The code that does all this is shown below. If you are familiar with Java and the concept of Object Oriented Programming, this may look understandable to you. Otherwise, do not worry, we will simply use this as a tool to see what we can do with MapReduce

import java.io.IOException;
import java.util.StringTokenizer;

import org.apache.hadoop.conf.Configuration;
import org.apache.hadoop.fs.Path;
import org.apache.hadoop.io.IntWritable;
import org.apache.hadoop.io.Text;
import org.apache.hadoop.mapreduce.Job;
import org.apache.hadoop.mapreduce.Mapper;
import org.apache.hadoop.mapreduce.Reducer;
import org.apache.hadoop.mapreduce.lib.input.FileInputFormat;
import org.apache.hadoop.mapreduce.lib.output.FileOutputFormat;

public class WordCount {

  public static class TokenizerMapper
       extends Mapper<Object, Text, Text, IntWritable>{

    private final static IntWritable one = new IntWritable(1);
    private Text word = new Text();

    public void map(Object key, Text value, Context context
                    ) throws IOException, InterruptedException {
      StringTokenizer itr = new StringTokenizer(value.toString());
      while (itr.hasMoreTokens()) {
        word.set(itr.nextToken());
        context.write(word, one);
      }
    }
  }

  public static class IntSumReducer
       extends Reducer<Text,IntWritable,Text,IntWritable> {
    private IntWritable result = new IntWritable();

    public void reduce(Text key, Iterable<IntWritable> values,
                       Context context
                       ) throws IOException, InterruptedException {
      int sum = 0;
      for (IntWritable val : values) {
        sum += val.get();
      }
      result.set(sum);
      context.write(key, result);
    }
  }

  public static void main(String[] args) throws Exception {
    Configuration conf = new Configuration();
    Job job = Job.getInstance(conf, "word count");
    job.setJarByClass(WordCount.class);
    job.setMapperClass(TokenizerMapper.class);
    job.setCombinerClass(IntSumReducer.class);
    job.setReducerClass(IntSumReducer.class);
    job.setOutputKeyClass(Text.class);
    job.setOutputValueClass(IntWritable.class);
    FileInputFormat.addInputPath(job, new Path(args[0]));
    FileOutputFormat.setOutputPath(job, new Path(args[1]));
    System.exit(job.waitForCompletion(true) ? 0 : 1);
  }
}

Now, we need to compile this code and at a minimum we require a compiler.

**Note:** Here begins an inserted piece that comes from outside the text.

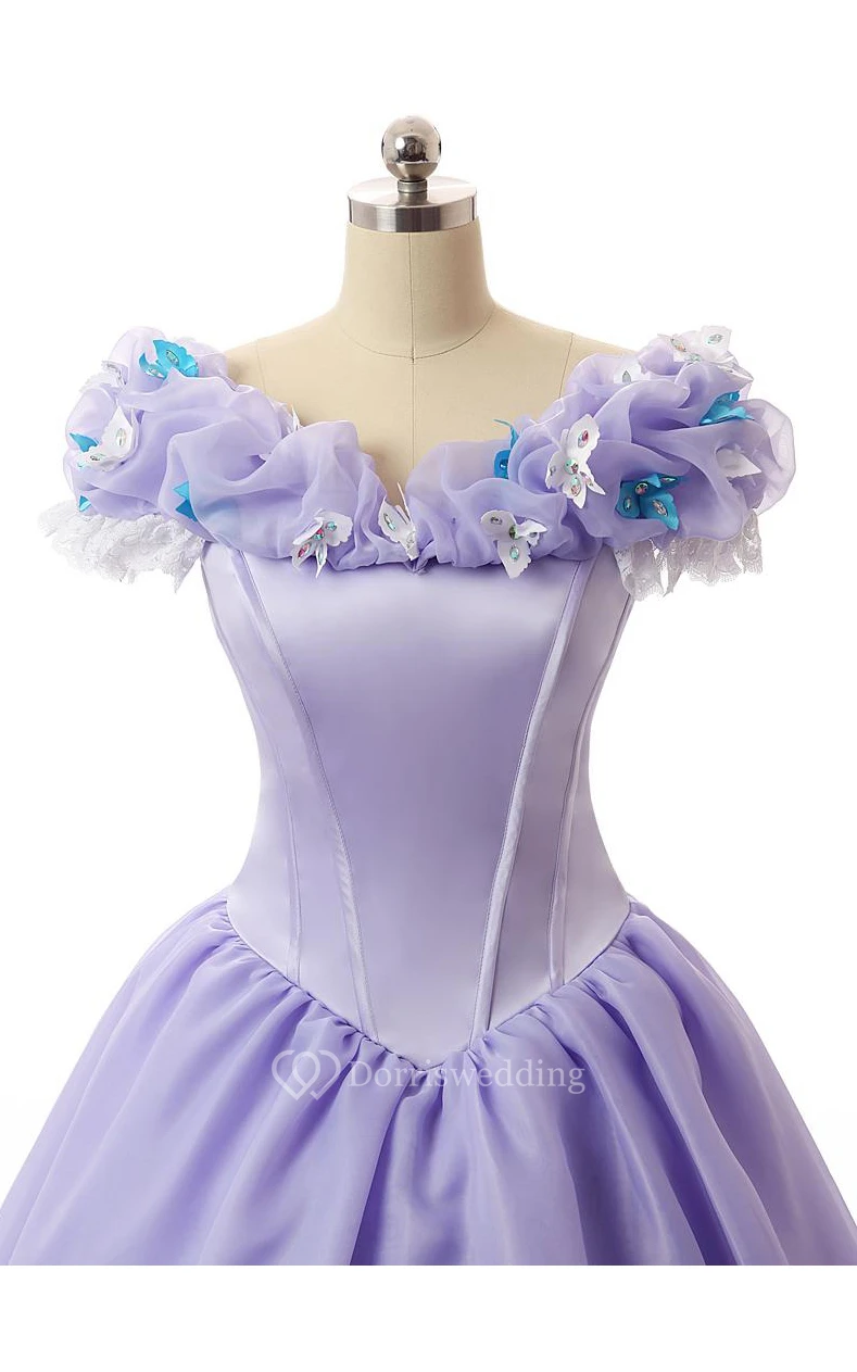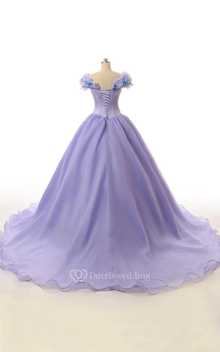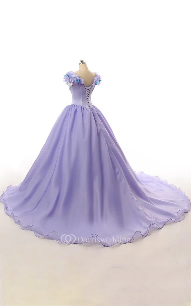 Ball Gown Long Ruffles Lace-Up Back Lace Organza Satin Dress

But given the complexity of this code, we need more support and will use a Integrated Development Environment or IDE. For this particular tutorial we will not be modifying the default code but we will in the future so it's best we download an IDE.

In Java, the most commonly used is the Eclipse IDE. We would like to download the IDE, go to http://www.eclipse.org/downloads/packages/

There are many choices here - it seems confusing but in reality it is just a an alphabetical list. I found it funny that a developers bemoans all the different choices, but it's not surprising too many choices can lead to paralysis. Choose the Oxygen version (Photon is a bit underdeveloped at this point) as shown below:

Choosing the latest version of Eclipse

Open Eclipse

Choose a project directory (can be the default chosen for you)

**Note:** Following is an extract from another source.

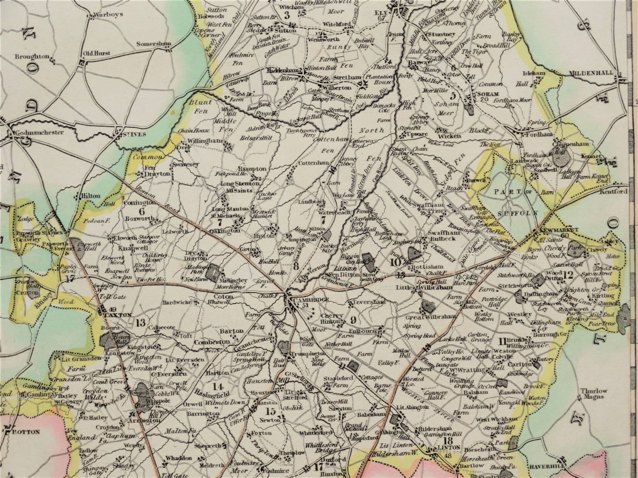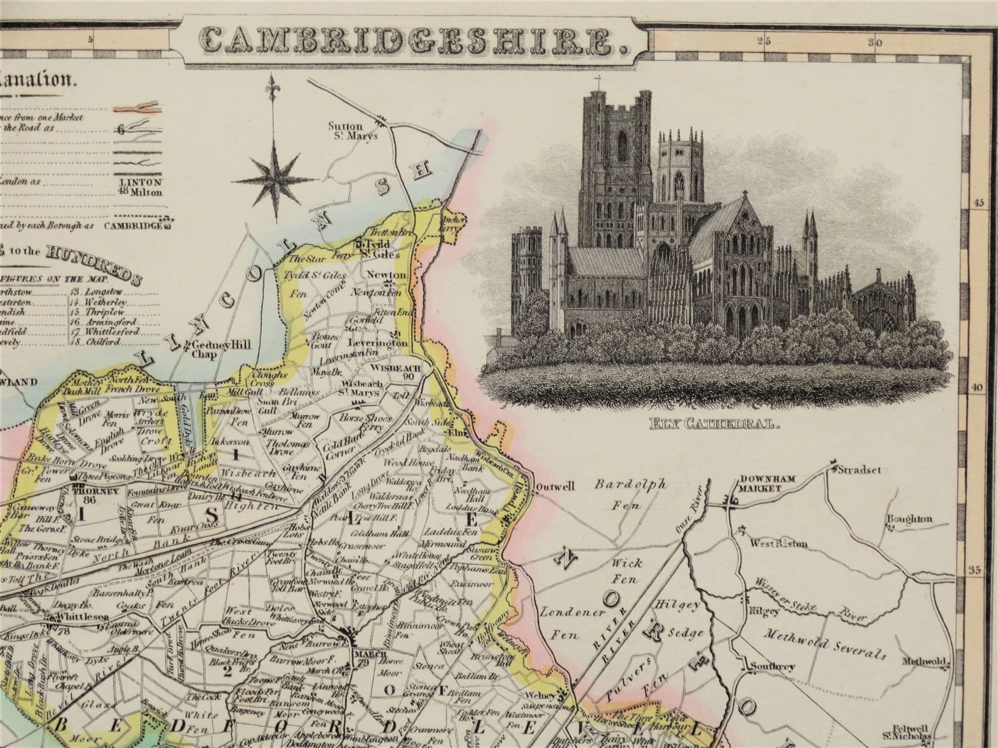 An attractive and good sized map with original hand colouring and a vignette engraving of Ely Cathedral.

In the next window choose File --> New Project

New Java Project in Eclipse

Choose Java Project, and call the project WordCount

New Java Project in Eclipse

Click Next.

We now need to add the hadoop libraries.

Adding Hadoop Libraries

You should have already downloaded Hadoop 2.9 version for installing the Hadoop cluster on a single node. The files were untarred (equivalent to unzipped) in the following folder on your virtual machine

/usr/local/hadoop/share/hadoop/common

But since we are installing Eclipse on the windows/mac platform, we cannot "see" these files. One way is to access the files is to create a shared folder for your virtual machine and native OS. Easier solution is to download the file from the course website.

We now need to add the MapReduce core library, it is located in

/usr/local/hadoop/share/hadoop/common

You can access it from this folder, or download it from the course website.

Click the Finish botton.

New Java Project in Eclipse

In the Project development environment, right click on src --> New --> Class

New Java Project in Eclipse

Call the new class "WordCount" and click finish.

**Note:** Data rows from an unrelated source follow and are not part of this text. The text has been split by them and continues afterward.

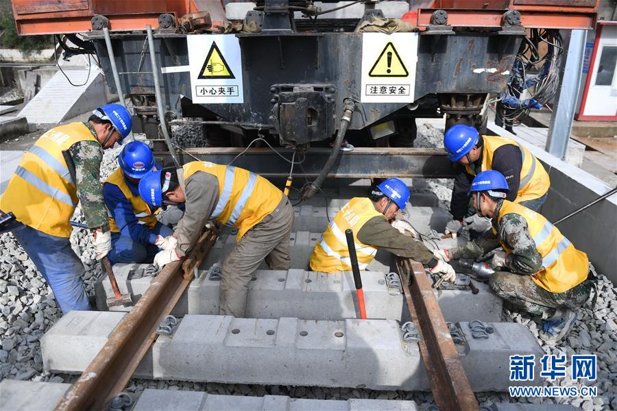 12月22日,中鐵二十四局工作人員在平潭海峽公鐵大橋鋪軌施工現(xiàn)場進行鋪軌作業(yè)。新華社記者林善傳攝
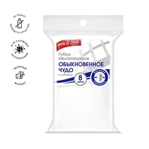 Меламиновая губка You'll love имеет ряд несравненных преимуществ: Губка уже нарезана на кубики, что обеспечивает рациональное использование продукта. Губка сделана из меламина высокой плотности (16 г/м3), что обеспечивает экономичный расход и более эффективное очищение, потому что больше вспененных волокон вбирают в себя больше грязи. Нужно удалить чернила, линии от маркеров, присохшие загрязнения, въевшуюся пыль или очистить подошву обуви? Используйте меламин. Это специальный материал, который бережно и эффективно удаляет даже стойкие загрязнения с поверхностей без использования моющих средств.
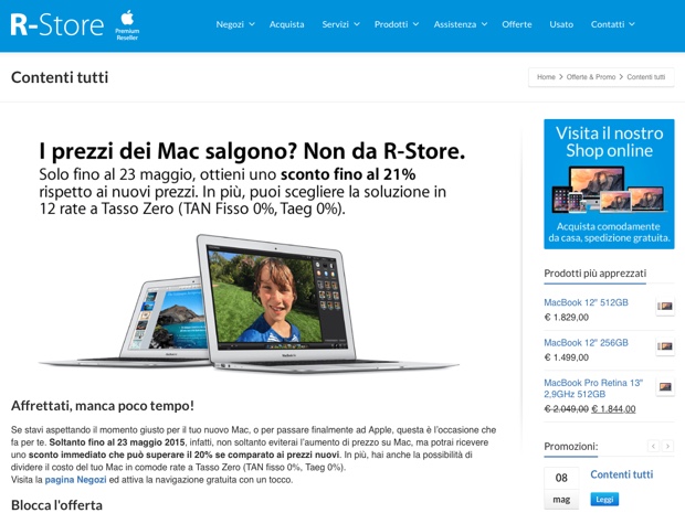 Solo fino a domani nei negozi R-Store i prezzi dei Mac non subiscono l’aumento di listino Apple in più si ottiene il 10% di sconto. Le due iniziative sommate insieme si traducono in sconti che per diversi portatili e desktop della Mela arrivano fino al 21%. A queste iniziative chi lo desidera può abbinare anche il Tasso Zero in 12 mesi per suddividere l’importo totale in rate più piccole spalmabili in un anno.
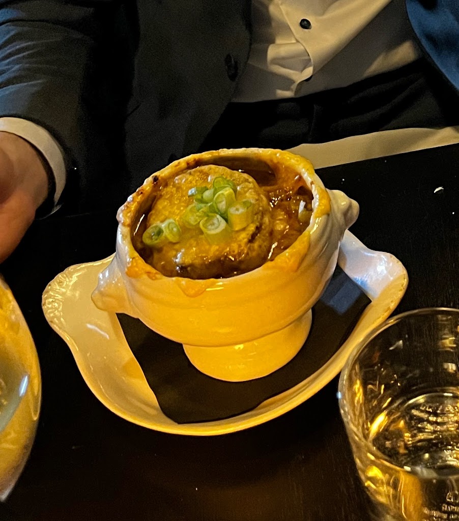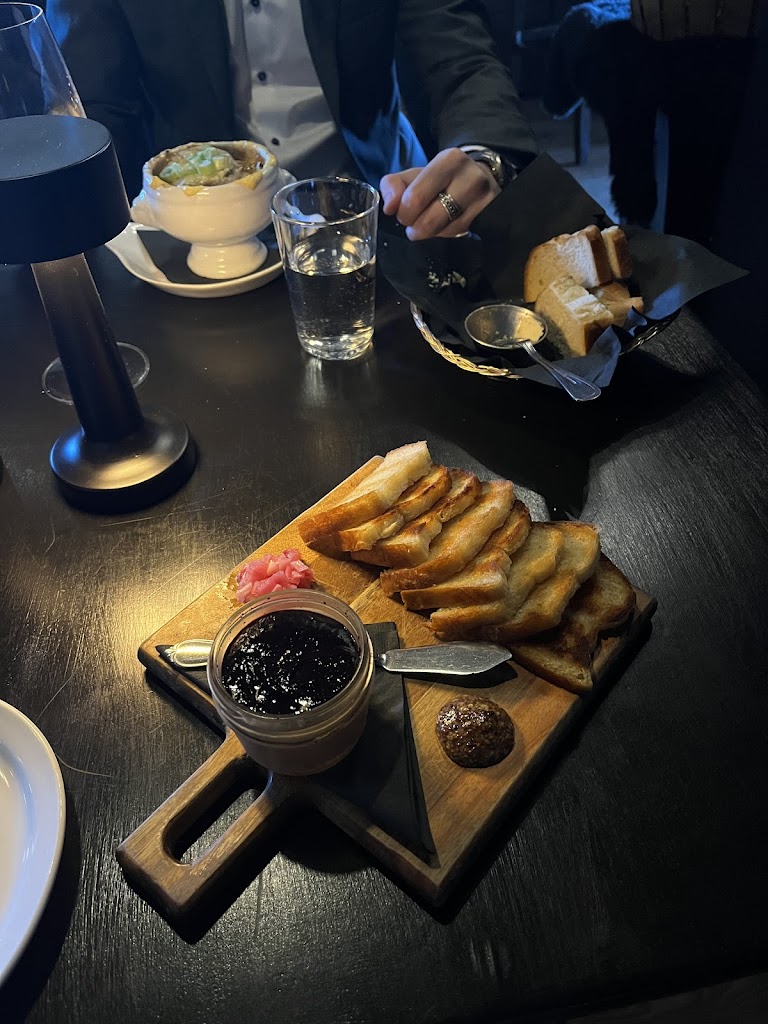 had such a wonderful time at bon temps last weekend. cute and cozy spot, love the atmosphere. would be great for a date night. speaking of a date night- ladies - one of the bathrooms (there are two) has a great full length selfie mirror (bathroom is gold black and eggplant, dress accordingly). now onto the food. i eat at a lot of french restaurants and this was most definitely the best pate i’ve ever had. topped with a blueberry compote, the pate was served at the perfect temperature, for both flavour and spreadability. the bread served with it was warm, light, buttery, and perfection. the grainy mustard and pickled onions added great flavour and acidity when building the scrumptious little toasty. the french onion soup had great depth, the layering of bread and cheese did not mess around, was a large portion, and the serving bowl complete with lions heads was just darling. the frog legs were perfectly cooked, covered in a buffalo-esque sauce and served with blue cheese. perfect for someone trying frog legs for the first time, but personally i would have enjoyed a more sophisticated flavour. pasta primavera was rich and buttery in flavour, yet was a light sauce. served with a large mozzarella ball on top if you’re into that kind of thing, we found it was great without. this pasta is seasonal. the only thing that really disappointed was the bread basket. the bread was toasted ever so slightly and served with cold butter. i know- french restaurants love their cold butter. but the bread wasn’t nearly hot enough for it to be warranted. and the bread itself wasn’t incredible. totally fine, tasty, but maybe not worth the calories. i also took off a point off because the plates had finger smudges on them which is a bummer for presentation and photos. i had a non alcoholic espresso martini- it hit the spot. was missing something but im certain that the thing i was missing was the vodka! :’) overall, i want to drive back to hamilton right now to have more pate. definitely recommend.
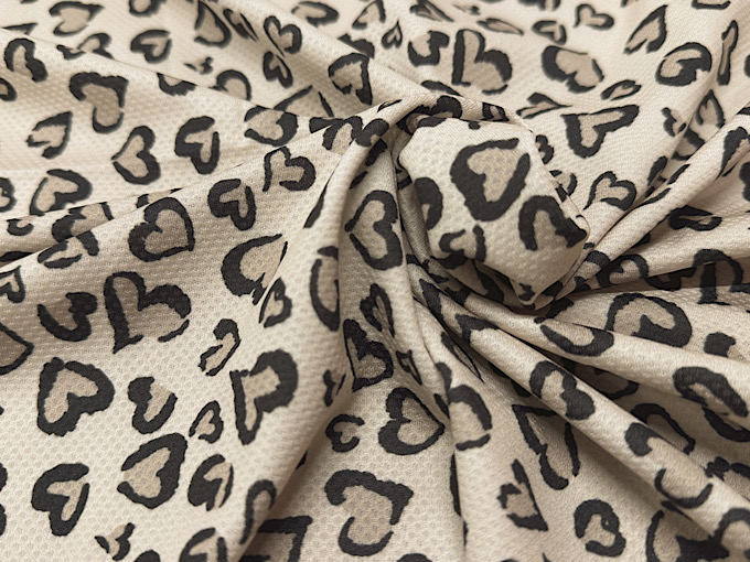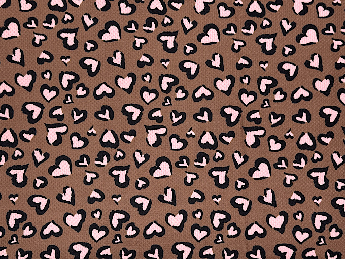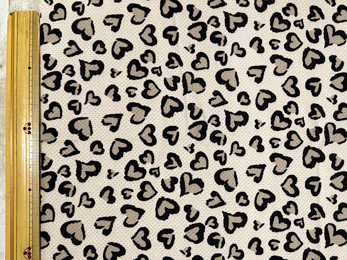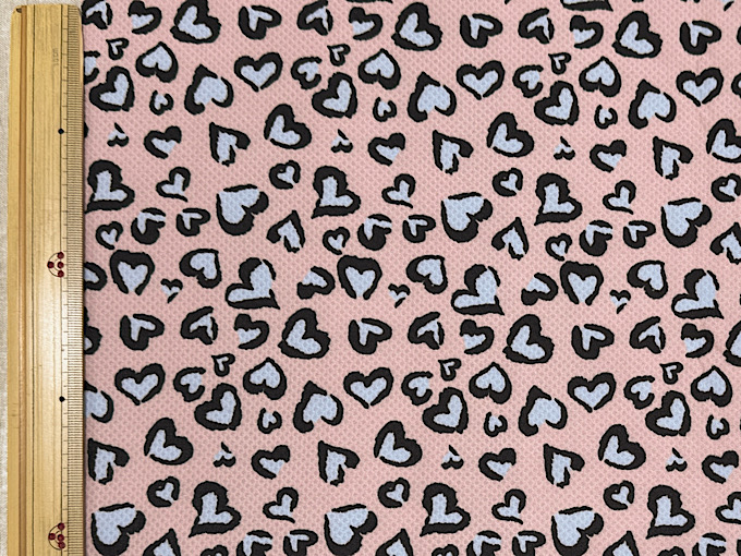 冷たくてひんやりと気持ちが良い接触冷感ニット生地です。ハート模様になったレオパードデザイン♪

New Java Project in Eclipse

Now copy the mapper and reducer functions as written in Java:

import java.io.IOException;
import java.util.StringTokenizer;

import org.apache.hadoop.conf.Configuration;
import org.apache.hadoop.fs.Path;
import org.apache.hadoop.io.IntWritable;
import org.apache.hadoop.io.Text;
import org.apache.hadoop.mapreduce.Job;
import org.apache.hadoop.mapreduce.Mapper;
import org.apache.hadoop.mapreduce.Reducer;
import org.apache.hadoop.mapreduce.lib.input.FileInputFormat;
import org.apache.hadoop.mapreduce.lib.output.FileOutputFormat;

public class WordCount {

  public static class TokenizerMapper
       extends Mapper<Object, Text, Text, IntWritable>{

    private final static IntWritable one = new IntWritable(1);
    private Text word = new Text();

    public void map(Object key, Text value, Context context
                    ) throws IOException, InterruptedException {
      StringTokenizer itr = new StringTokenizer(value.toString());
      while (itr.hasMoreTokens()) {
        word.set(itr.nextToken());
        context.write(word, one);
      }
    }
  }

  public static class IntSumReducer
       extends Reducer<Text,IntWritable,Text,IntWritable> {
    private IntWritable result = new IntWritable();

    public void reduce(Text key, Iterable<IntWritable> values,
                       Context context
                       ) throws IOException, InterruptedException {
      int sum = 0;
      for (IntWritable val : values) {
        sum += val.get();
      }
      result.set(sum);
      context.write(key, result);
    }
  }

  public static void main(String[] args) throws Exception {
    Configuration conf = new Configuration();
    Job job = Job.getInstance(conf, "word count");
    job.setJarByClass(WordCount.class);
    job.setMapperClass(TokenizerMapper.class);
    job.setCombinerClass(IntSumReducer.class);
    job.setReducerClass(IntSumReducer.class);
    job.setOutputKeyClass(Text.class);
    job.setOutputValueClass(IntWritable.class);
    FileInputFormat.addInputPath(job, new Path(args[0]));
    FileOutputFormat.setOutputPath(job, new Path(args[1]));
    System.exit(job.waitForCompletion(true) ? 0 : 1);
  }
}

Paste the entire above code in WordCount.java

New Java Project in Eclipse

Save this file (we will use it in a future tutorial).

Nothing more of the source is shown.